You can change the tab configuration using the Tab Configuration option panel (Tools > Options > Tab Configuration), if desired. Instead of the Consolidated Tab Configuration, you can select the Classic Tab Configuration which was used in Policy Manager prior to version 4.0, or a Custom Tab Configuration which allows you to define which tab the different trees will be organized under. Whatever configuration you select in the options panel will be the default configuration used by all domains. However, you can also override the default configuration on a per-domain basis using the View > Domain Tab Configuration menu. For more information on available Tab Configurations, see the Tab Configuration Option Help topic.

When you first open Policy Manager, the Roles tab is displayed in the left panel, by default. The Select Tree at Startup option (Tools > Options > Tab Configuration) lets you select any of the other left-panel tabs to be displayed in subsequent startups. There is also an option to display the same tab you were using when you last closed Policy Manager.

Features of the left panel include:

Expanding and collapsing items in the hierarchy: Double-click the item or its icon, or single-click the turner to the left of the icon.
Right-click menus: Right-click a folder or other item in the left panel, and a menu of the options you can perform on your selection appears.
Drag and drop: Populate port groups, services, and service groups by using drag and drop in the left panel. You can also drag and drop multiple selections from right-panel Details View tab lists in the Services tab.

Information on the left-panel tabs:

Roles/Services Tab
Network Elements/Port Groups Tab
Access Control Configuration
Class of Service Configuration
Network Resources Configuration

Roles/Services Tab

This tab displays the Roles and Service Repository trees.

Roles Tree

The Roles tree lists the roles defined for the current domain. A role is a set of network access services that can be applied at various access points in a policy-enabled network.

Click the tree items for more information.

Roles Folder: This folder contains the roles defined for the current domain. See How to Create a Role for more information.

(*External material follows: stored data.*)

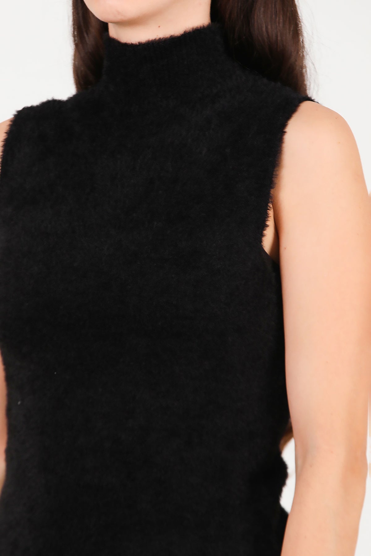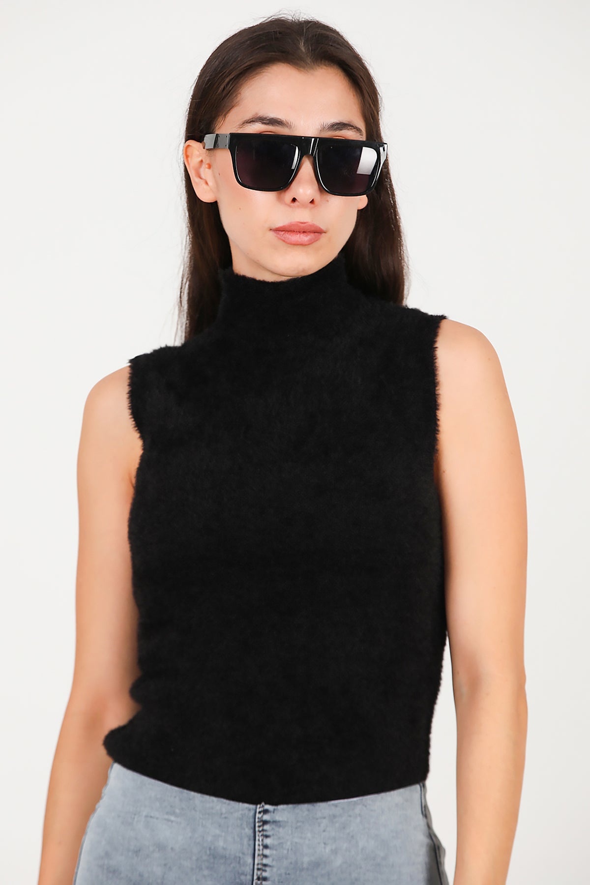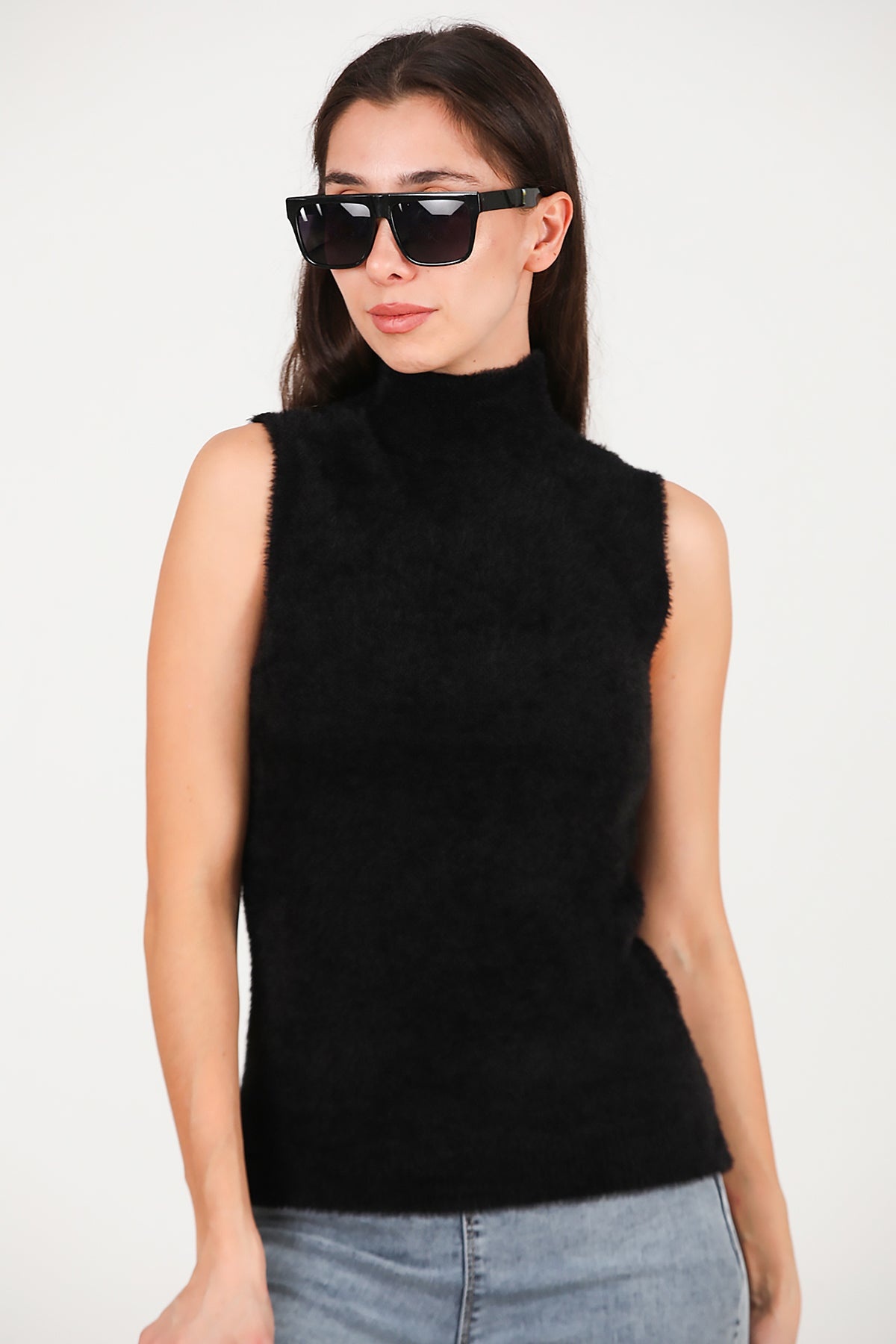 Kadın Kolsuz Balıkçı Yaka Sakallı Bluz Siyah
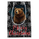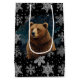 Sac Cadeau Moyen Ours de Noël rétro paysage enneigé minuit
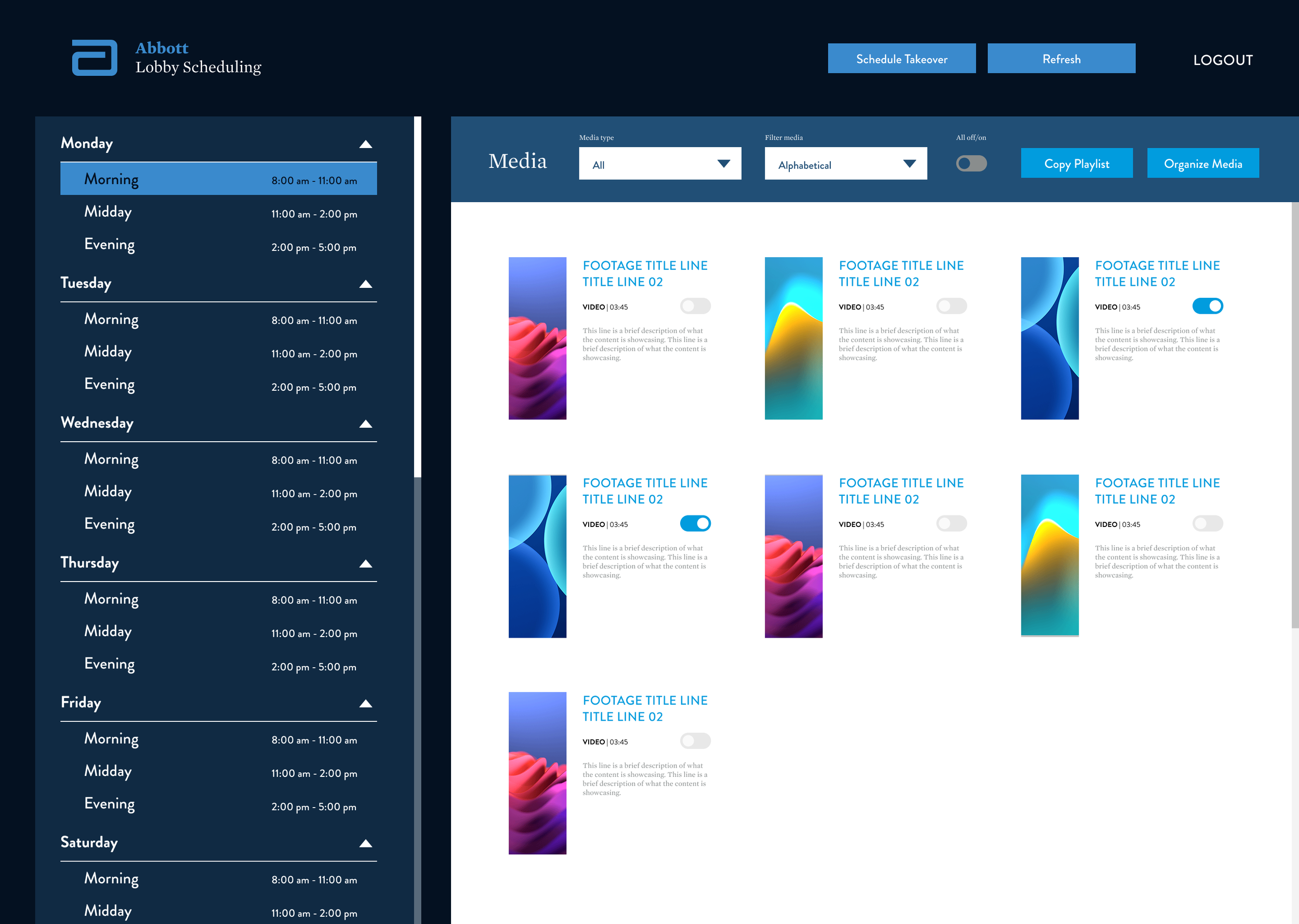 Contracted to build out the internal UX/UI wireframes and the dev/refinement of other materials for Abbott's interactive touchscreen lobby check-in experience using Figma as the primary platform for wireframes, prototyping, and development.
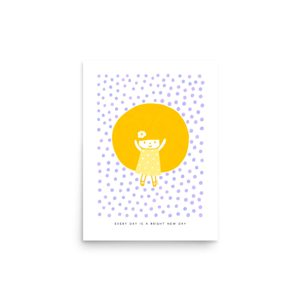 Infuse your space with joy and inspiration with the "Every Day is a Bright New Day" Poster. This high-quality print showcases a cheerful design featuring a happy girl in a yellow dress, standing against a bright yellow sun and surrounded by playful purple polka dots.

Role: Individual roles are listed by name. Select a role in the left panel, and view information about that role in the right-panel tabs. Only Quarantine roles are displayed with a red icon .

Service Repository Tree

The Service Repository tree displays your Local and Global services and service groups. Services are sets of rules that define how network traffic for a particular network service or application should be handled by a network access device. Local Services are services that are unique to the current domain. Global Services are services that are common to all domains. The tab also displays your network resource groups.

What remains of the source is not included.